Since AVX2 has been generally supported for at least ten years, creating a non-mixed
AVX2-only compilation is a reasonable enhancement.

Looking at the numbers, achieving one-third the speed of the old SSE2 JIT, which we considered
fast, is quite impressive. Even x86/x64 users can benefit from this speedup. If the Expr contains
specific trigonometric functions (tan, asin, acos, atan) that have no JIT implementation, then
Avisynth cannot use JIT and falls back to the C implementation.

Expr has now a new debug parameter: bool optVectorC (default true) which C code to run if non-JIT is used.

DTL
11th March 2025, 19:43
Now you can also update Notes to the Blur() - https://avisynthplus.readthedocs.io/en/latest/avisynthdoc/corefilters/blur.html

"If you need a larger radius Gaussian blur,..."

GaussResize(width, height, force=3, p=0.1, s=0)

It looks github web do not allow to add comments on lines or at least full .rst file. https://github.com/pinterf/AviSynthPlus/blob/master/distrib/docs/english/source/avisynthdoc/corefilters/resize.rst?plain=1#L438

Current: Force the resizing process even if the dimensions remain unchanged and ``src_width`` or ``src_top``
are zero. Useful to intentionally prevent sudden visual differences that might occur if resizing
is unexpectedly skipped.

* 0 - return unchanged if no resize needed
* 1 - force H - Horizontal resizing phase
* 2 - force V - Vertical resizing phase

Better text: Force the resizing or convolution with resize kernel (filtering) process even if the dimensions remain unchanged and ``src_width`` or ``src_top``
are zero. Useful to intentionally prevent sudden visual differences that might occur if resizing
is unexpectedly skipped or if convolution only (filtering) without resize is required.

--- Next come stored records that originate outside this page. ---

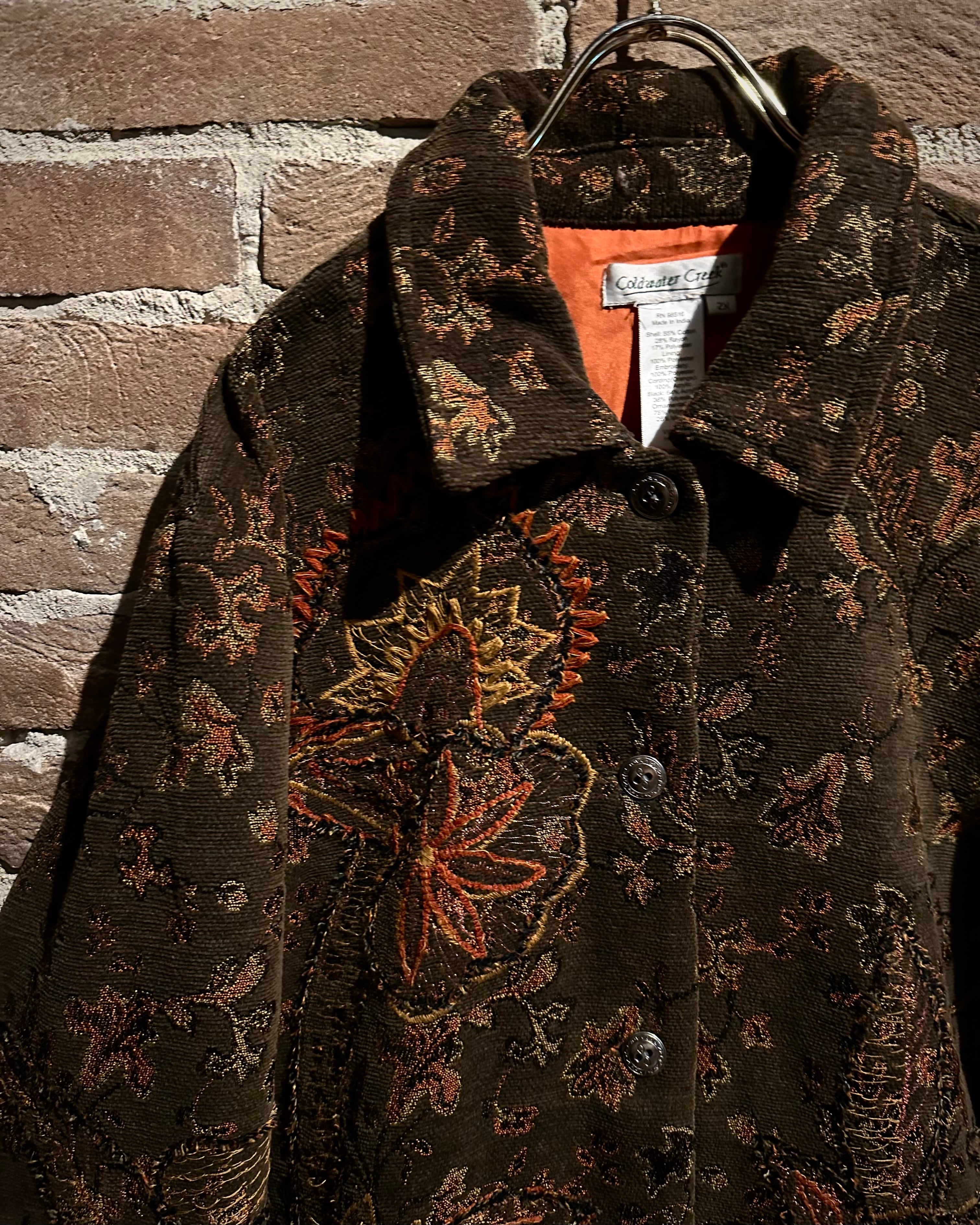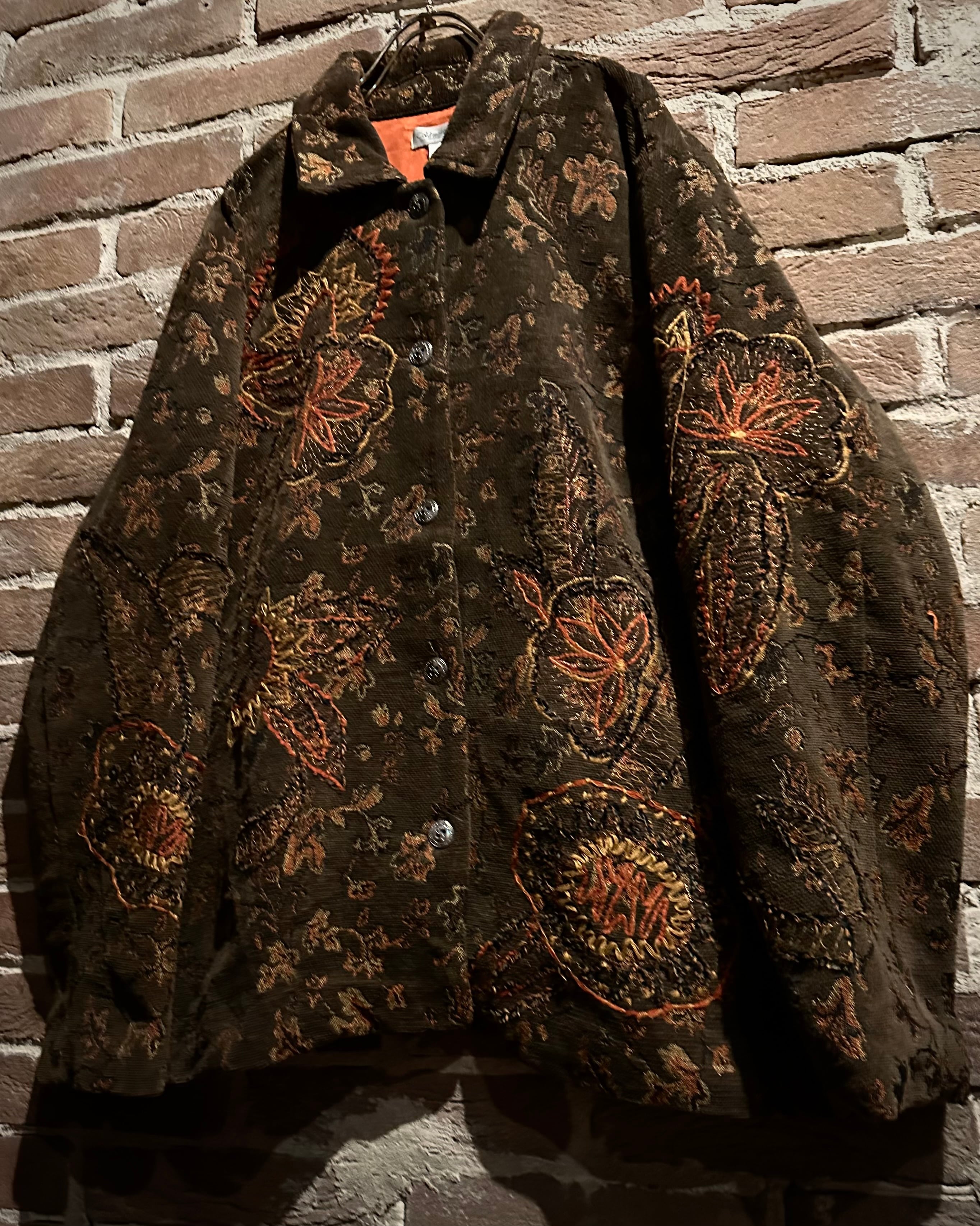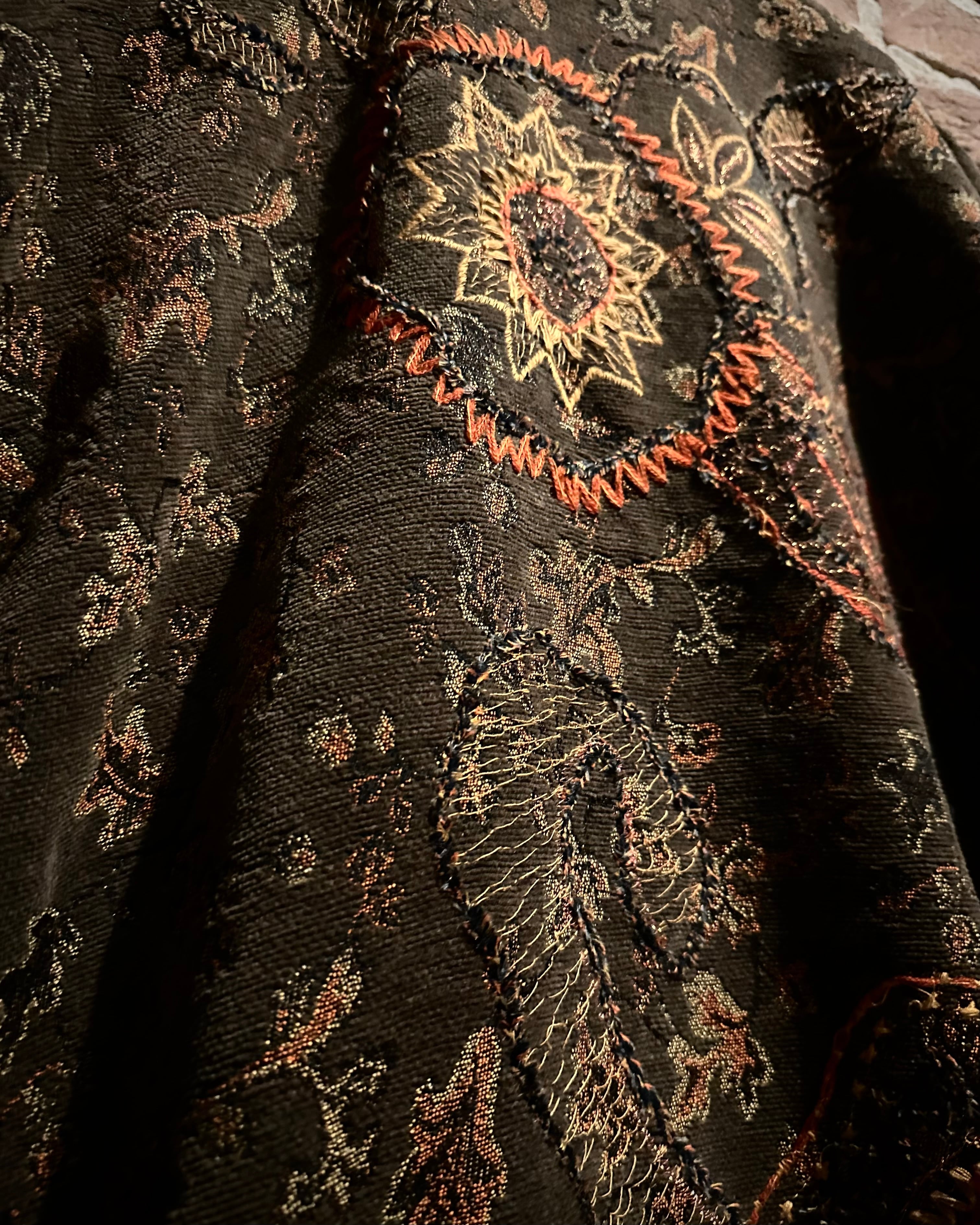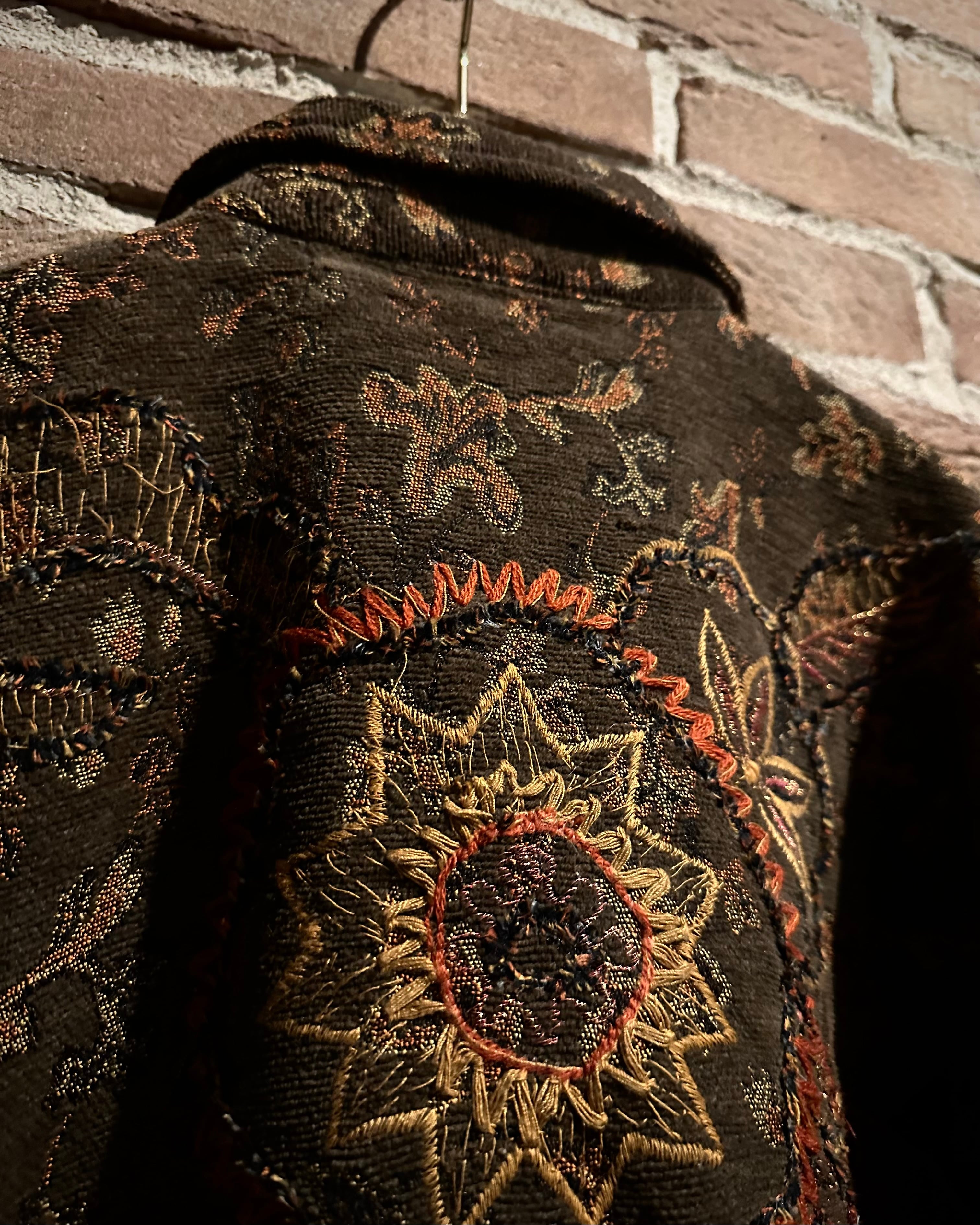 ブラウンベースの落ち着いたカラーリングに、花や太陽モチーフを織りと刺繍で重ねた、奥行きのある表情を見せるゴブランジャケット。
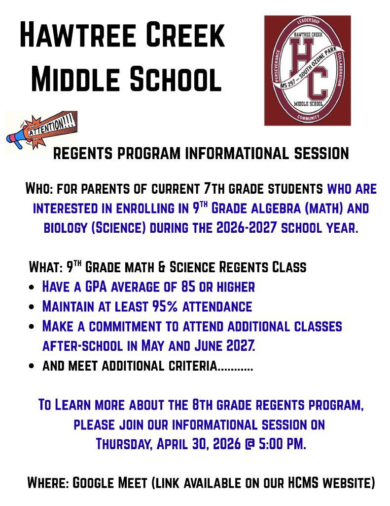 7th Grade Regents Informative Meeting via Google Meet at 5:00pm
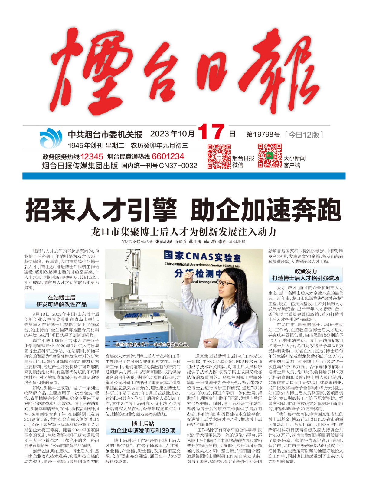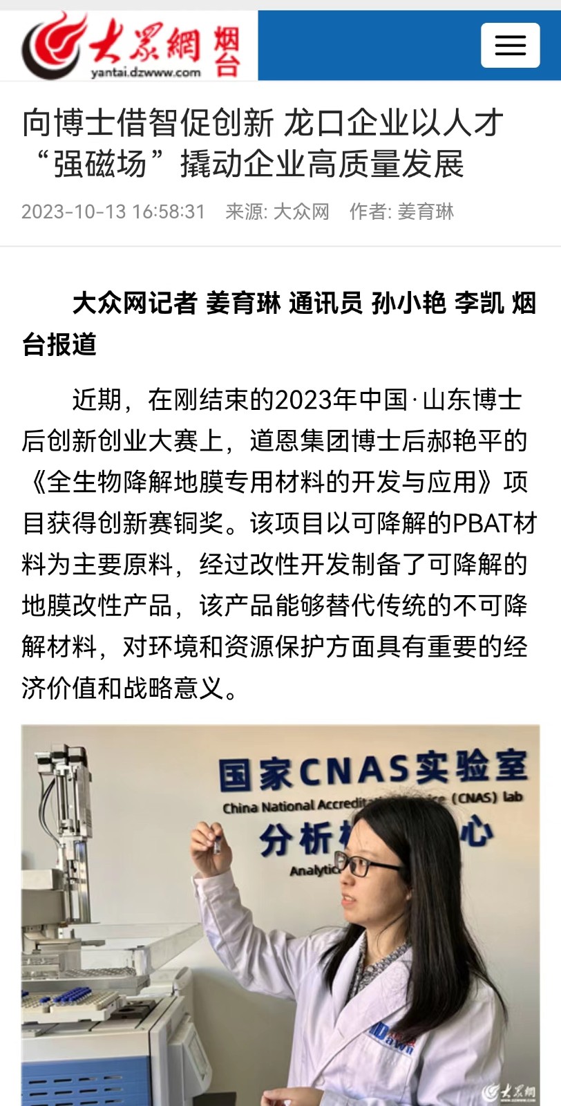 此前的9月18日,2023年中国·山东博士后创新创业大赛颁奖典礼在山东省青岛市举行。JN体育集团在站博士后郝艳平站上了领奖台,她主持的“全生物降解地膜专用材料的开发与应用”项目获得了创新赛铜奖。据悉,这是龙口市唯一获奖的博士后工作站项目。
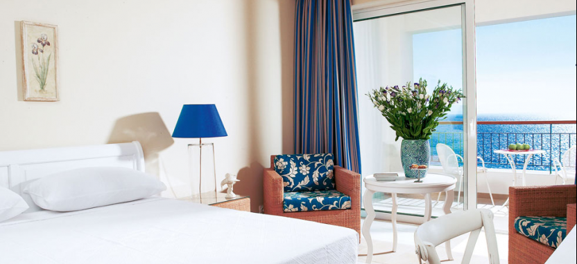 Superior Sea View Guestroom 3 pax (30 кв. м) - улучшенные просторные номера в основном здании. Великолепный вид на Ионическое море. Прихожая, гостиная зона, спальня, ванная комната с ванной, терраса или балкон.
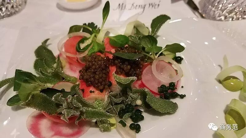前菜是黑鱼籽、帝王蟹脚配柠檬汁及七彩蔬菜沙律↓
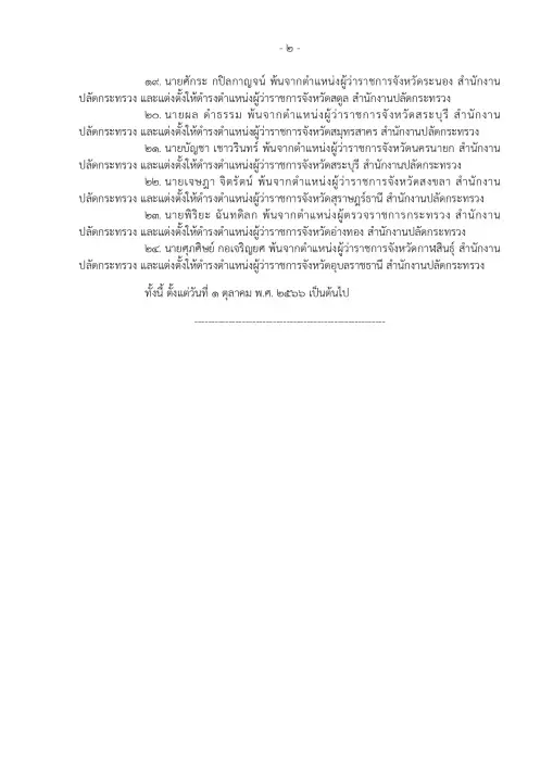 19. นายศักระ กปิลกาญจน์ พ้นจากตำแหน่งผู้ว่าราชการจังหวัดระนอง สำนักงานปลัดกระทรวง และแต่งตั้งให้ดำรงตำแหน่งผู้ว่าราชการจังหวัดสตูล สำนักงานปลัดกระทรวง
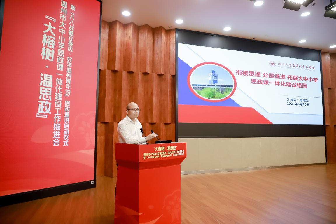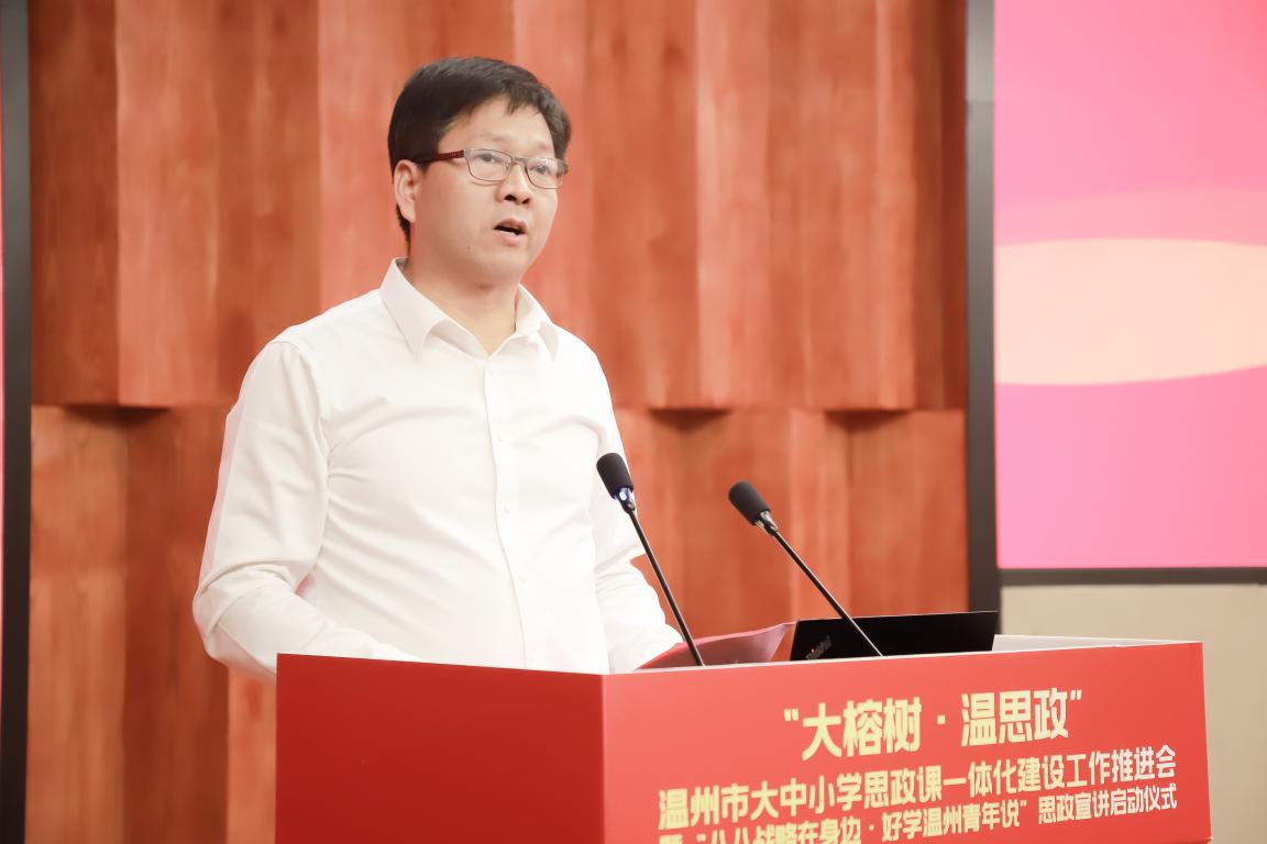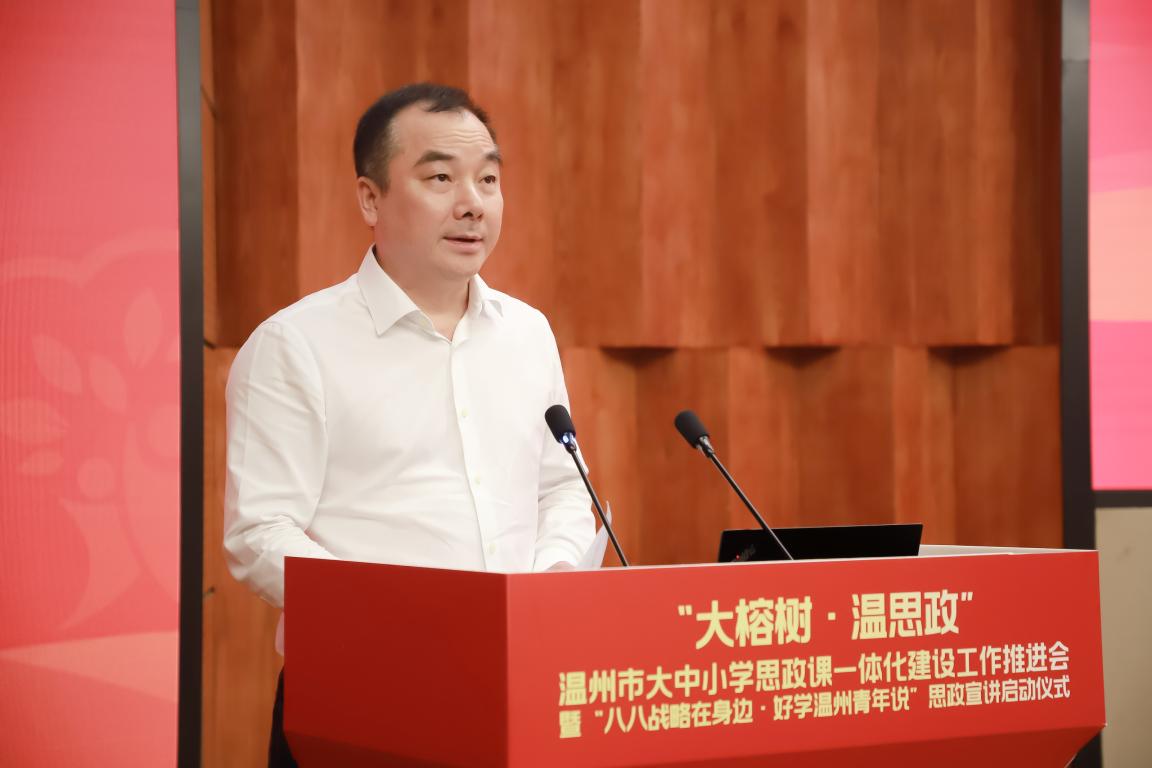 他强调,围绕大中小思政课一体化建设工作,各县市区教育局、各高校各中小学,要从四个方面落实、落细。第一,坚持“大局观”,在思想认识上再拔高。要从复兴大局、时代新局、教育全局等角度来看待思想政治理论课在立德树人中发挥的应有作用。第二、聚焦“大思政”,在体系建设上再创新。坚持循序渐进、螺旋上升,坚持纵向贯通、横向融通,坚持品牌融合、联盟共进。第三、争做“大先生”,在队伍建设上再升级。壮大思政教师队伍,追求德才双优、创新学研宣教形式。第四、强化“大协同”,在思政联动上再强化。他希望温州市以大中小学思政课一体化建设为契机,扛起责任担当,强思政、优宣教,努力让温州思政教育像大榕树一样,枝干粗壮、枝繁叶茂,成为“好学温州”的一面金字招牌

* 0 - return unchanged if no resize needed
* 1 - force H - Horizontal resizing or convolution (filtering) phase
* 2 - force V - Vertical resizing or convolution (filtering) phase

For GaussResize p :
"original equation is s = sqrt(-ln(0.01)/(param*ln(b))"

p-param passed to GaussResize is internally scaled by 0.1 (old AVS arguments were integers only ?). So from user's view original equation is s = sqrt(-ln(0.01)/((p-param * 0.1)*ln(b))

Also in "as s = sqrt(4.6 / ((param * 0.1) * log(b)))" - log(b) in C-library is log based e-number (natural). So for less messy description may be better to write as 's = sqrt(4.6 / ((p * 0.1) * ln(b)))' . Where ln(b) is more universal math equation for natural logarithm. And 'p' and 'b' are directly entered by user params values.

For GaussResize b :
b: Controls the blurring. Valid range: 1.5 to 3.5.

Better text:
b: Controls the blurring. Valid range: 1.5 to 3.5. Filter kernel is b^(-p*0.1*(x^2)) . Default b is 2.0 to be compatible with pre-3.7.4 use cases. If high precision Gauss kernel is required (for example for filtering applications) it is recommended to use the base of the natural logarithm 2.71828.